→ **Problem details**
From the first line of the records below through the line with "Com esse cenário, em", output each line exactly; skip the pictures.
::::::::
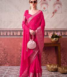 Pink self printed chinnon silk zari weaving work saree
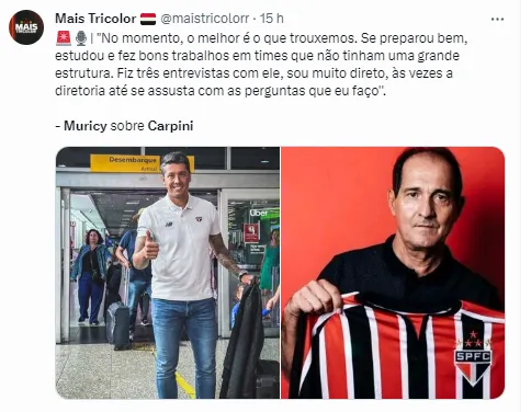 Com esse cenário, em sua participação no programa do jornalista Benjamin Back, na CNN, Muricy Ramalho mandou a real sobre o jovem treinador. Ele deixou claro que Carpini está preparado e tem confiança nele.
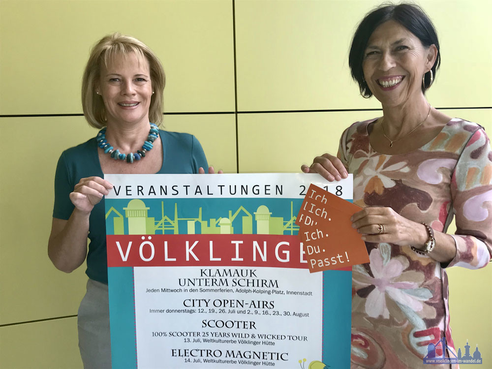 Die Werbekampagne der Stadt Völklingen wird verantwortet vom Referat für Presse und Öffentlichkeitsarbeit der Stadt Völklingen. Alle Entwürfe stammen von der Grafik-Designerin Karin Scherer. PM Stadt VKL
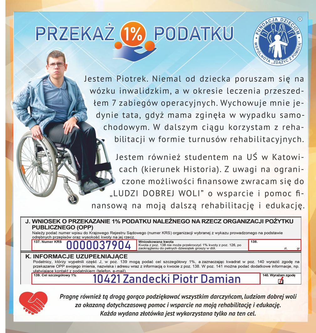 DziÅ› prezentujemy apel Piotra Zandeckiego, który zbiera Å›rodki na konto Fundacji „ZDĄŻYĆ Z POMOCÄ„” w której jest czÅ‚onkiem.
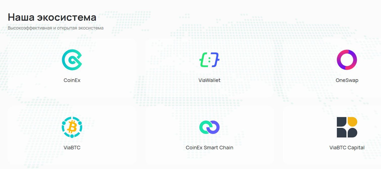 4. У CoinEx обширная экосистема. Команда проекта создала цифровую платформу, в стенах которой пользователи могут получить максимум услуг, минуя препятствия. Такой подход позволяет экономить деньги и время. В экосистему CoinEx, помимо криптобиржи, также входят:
::::::::
→ **Task answer**
 Pink self printed chinnon silk zari weaving work saree
 Com esse cenário, em sua participação no programa do jornalista Benjamin Back, na CNN, Muricy Ramalho mandou a real sobre o jovem treinador. Ele deixou claro que Carpini está preparado e tem confiança nele.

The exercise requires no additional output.